What VLM Can Do

VEXTEC’s patented Virtual Life Management system simulates the true degradation physics of materials at the microstructural level. The VLM system uses that data to predict – with an extraordinarily high degree of accuracy – the life cycle of a particular component made from that material. The system can also combine that information with data from all the other components in a product to predict that product’s overall reliability. As a result, VEXTEC is the only company that can rapidly and accurately predict product life cycle behavior – even before that product is ever built. With the Virtual Life Management system, for the first time, you can run your business with complete, accurate visibility. There is nothing more valuable because this information has profound economic consequences for every aspect of your business.

Traditionally, companies made estimates of future product behavior by looking at historical data. Warranty terms and costs, maintenance schedules, product performance, etc., were all determined by what happened in the past. Unfortunately, this information has very little, if any, bearing on what’s going to happen in the future. Using historical data to make predictions about the future like driving down the highway looking only in the rear view mirror. You know where you’ve been. But you have no idea see where you’re going. VEXTEC changes that, forever.

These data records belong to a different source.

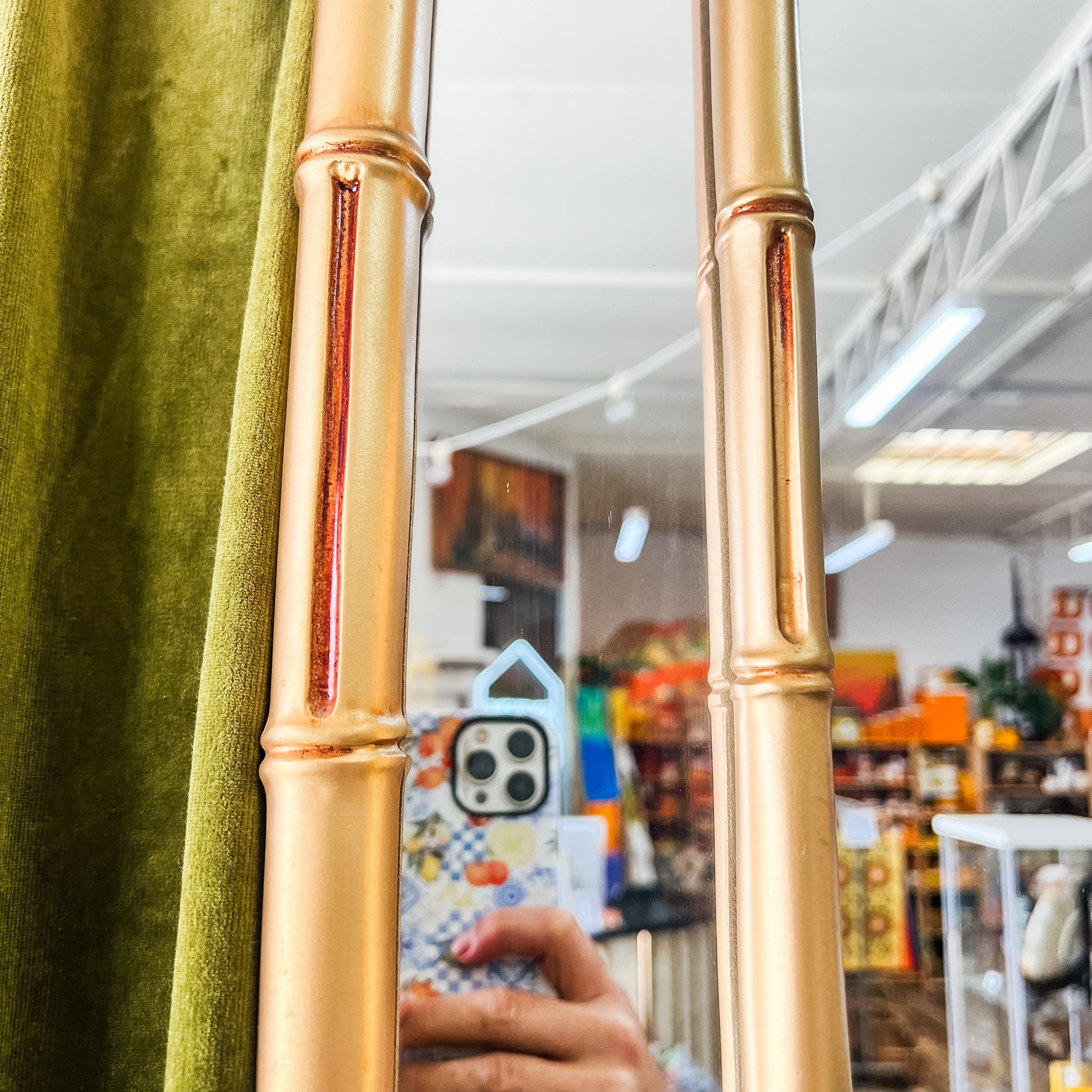 Statement octagonal wall mirror featuring a faux bamboo frame in a warm gold tone. Made from lightweight plastic, this piece delivers the classic Hollywood Regency / Palm Beach look without the weight of real bamboo or metal.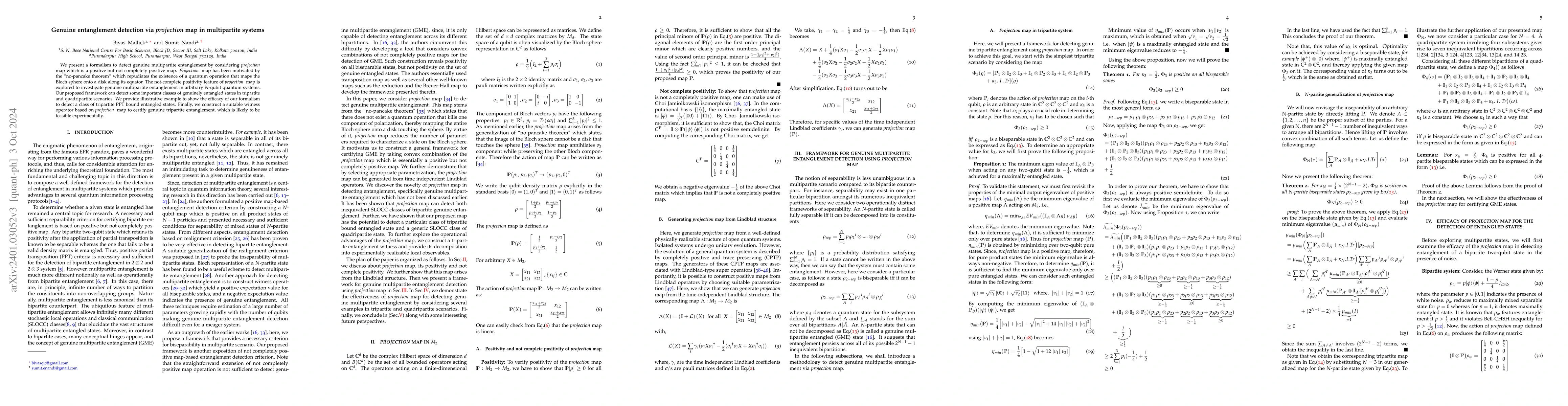 This paper proposes a formalism using a projection map to detect genuine multipartite entanglement in quantum systems, leveraging its not-completely positive nature. The method is shown to identify both W and GHZ states in tripartite systems and is robust against noise, with a general framework for certifying entanglement in N-qubit states.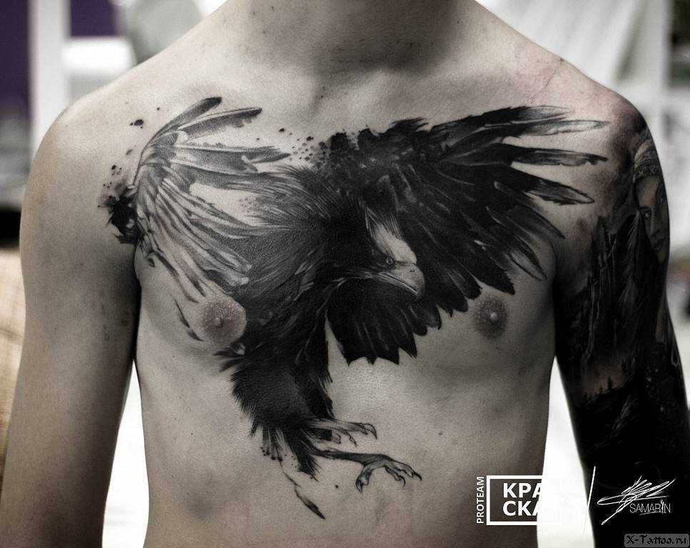 Мужчина, на теле которого изображен ворон, скорее всего, подчеркивает свою мужественность, возможность быть лидером. Для некоторых – это символ пережитой боли, утраты, страдания. Сочетание ворона и черепа может символизировать смерть, бесстрашие.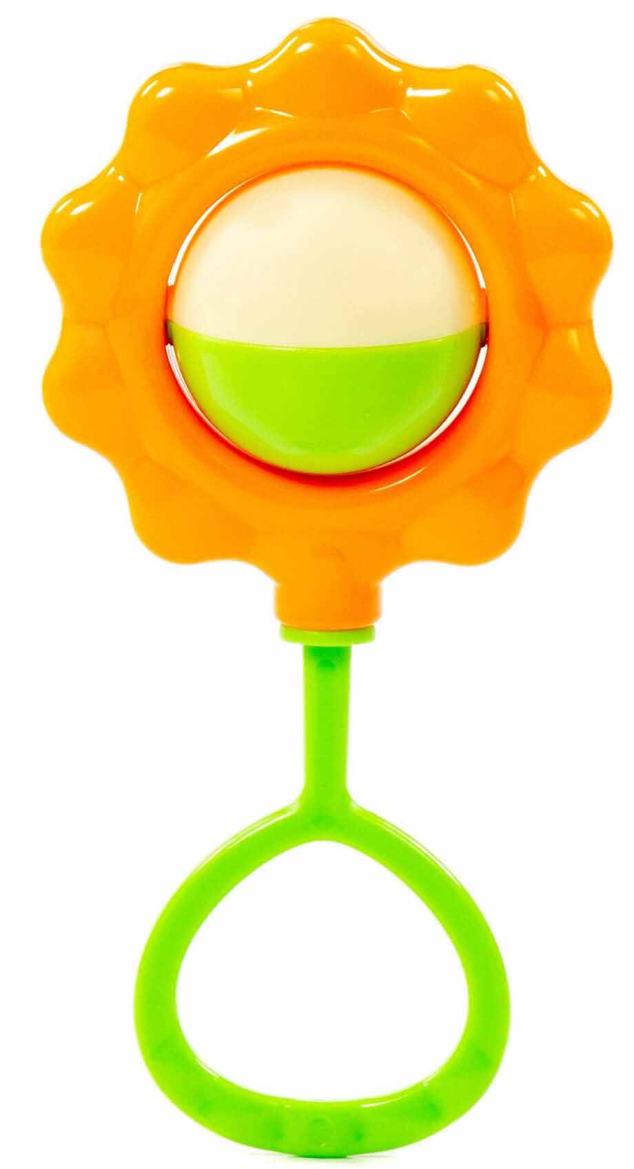 - Погремушка выполнена в виде цветочка, и внутри содержит шарики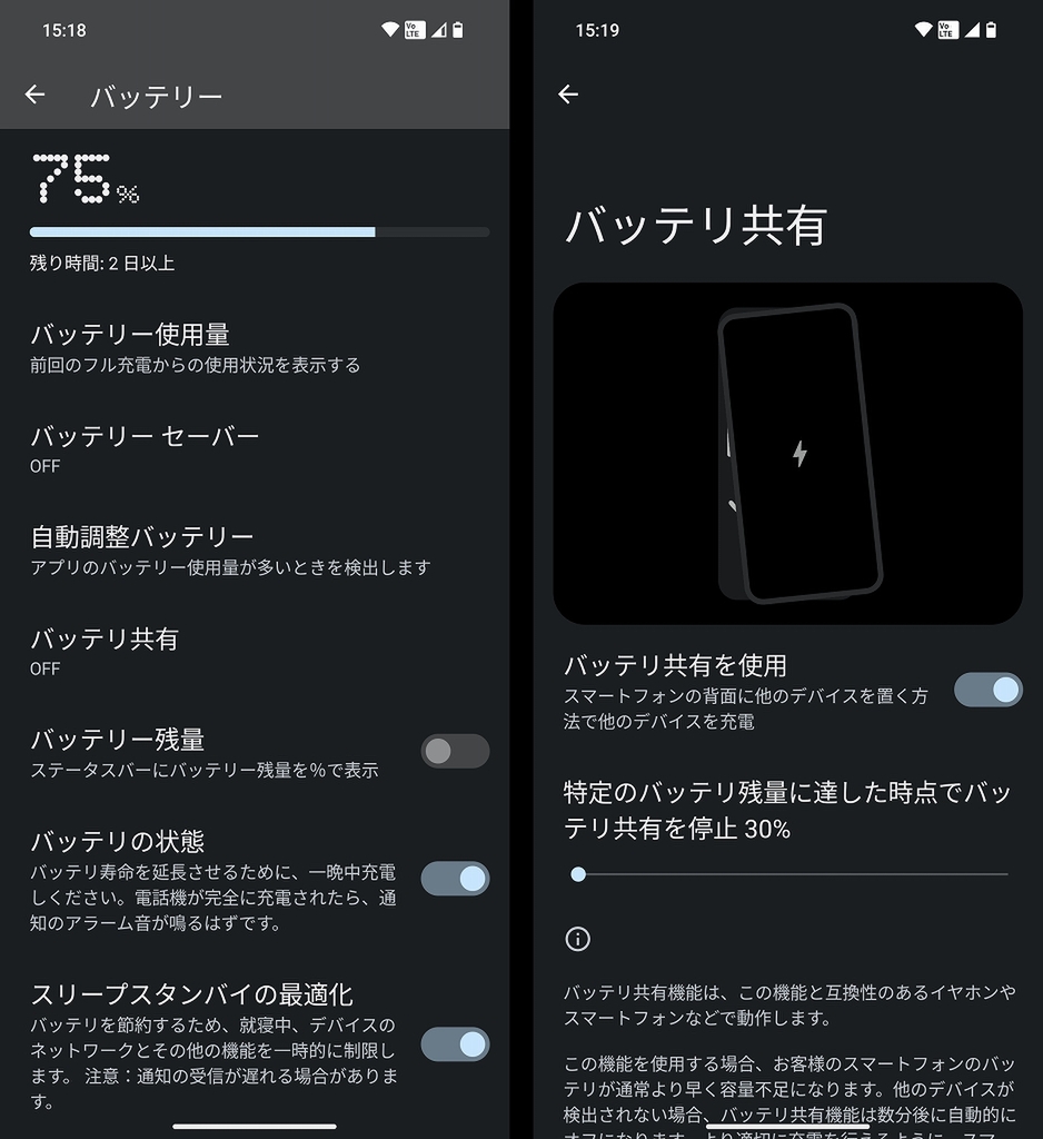 バッテリー容量は、Phone (1)から200mAh増えて4700mAhに。1日は余裕で持ち、使い方によっては2~3日くらい使い続けられそうです。Phone (1)では33Wだった急速充電が45Wになり、約55分でフル充電できるように進化。前モデルと同じくワイヤレス充電も可能で、Qi対応デバイスに給電する「バッテリ共有」機能も備えています。

Because everything you’re doing can be done better with Virtual Life Management from VEXTEC.

Fleet Durability Prediction

The story of the fleet’s life cycle is told by simulating the individual systems – each made up of individual components working in combination. Overall system failure is nothing more than the failure of any one of a critical number of parts. VEXTEC can determine the behavior and life cycle of any part, and from that, predict system and fleet performance.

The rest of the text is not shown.